*** Exercise data ***

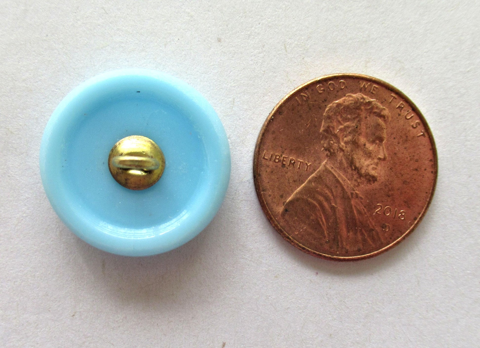 This is an opaque sky blue button with a raised cat face hand painted gold, black and pink.
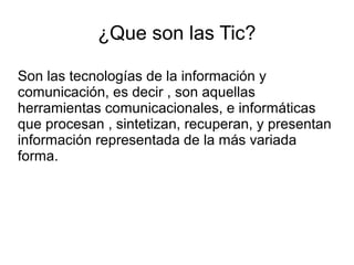 Este documento presenta una introducción a las tecnologías de la información y la comunicación (TIC), destacando que son herramientas que procesan, sintetizan y presentan información de diversas formas. Explica que las TIC tienen la ventaja de ayudar a los estudiantes a aprender a investigar y usarlas como herramientas, así como los libros, si se aplican con una buena estrategia y metodología. También señala algunas limitaciones de las TIC en la sociedad, como distracciones que hacen que los estudiant
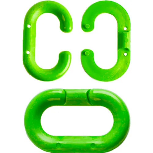 Chain-connecting master links ideal for repairing or joining chains. Designed for use with Mr. Chain 2-inch plastic chains (sold separately). Rust and UV-resistant prevents brittleness;. Made of lightweight, strong, and durable high-density polyethylene. Package includes: 10 Safety Green 2-piece chain links; links are 2-inches in diameter. Made in the USA., Lot of 1
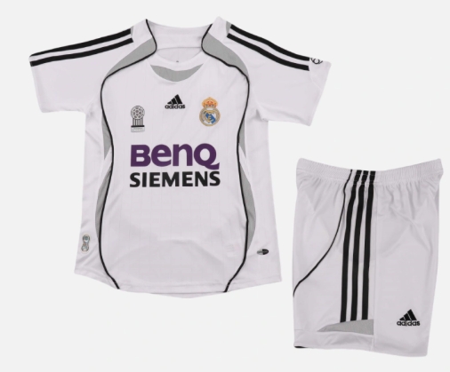 The Real Madrid 2006/07 Home Kids Kit marks a memorable season when the team clinched the La Liga title in a thrilling finale, led by iconic players like Raúl, David Beckham, and van Nistelrooy.

***

▶ [Your goal]
Every line above is to be given again exactly, apart from the pictures.

▶ [The completed task]
 This is an opaque sky blue button with a raised cat face hand painted gold, black and pink.
 Este documento presenta una introducción a las tecnologías de la información y la comunicación (TIC), destacando que son herramientas que procesan, sintetizan y presentan información de diversas formas. Explica que las TIC tienen la ventaja de ayudar a los estudiantes a aprender a investigar y usarlas como herramientas, así como los libros, si se aplican con una buena estrategia y metodología. También señala algunas limitaciones de las TIC en la sociedad, como distracciones que hacen que los estudiant
 Chain-connecting master links ideal for repairing or joining chains. Designed for use with Mr. Chain 2-inch plastic chains (sold separately). Rust and UV-resistant prevents brittleness;. Made of lightweight, strong, and durable high-density polyethylene. Package includes: 10 Safety Green 2-piece chain links; links are 2-inches in diameter. Made in the USA., Lot of 1
 The Real Madrid 2006/07 Home Kids Kit marks a memorable season when the team clinched the La Liga title in a thrilling finale, led by iconic players like Raúl, David Beckham, and van Nistelrooy.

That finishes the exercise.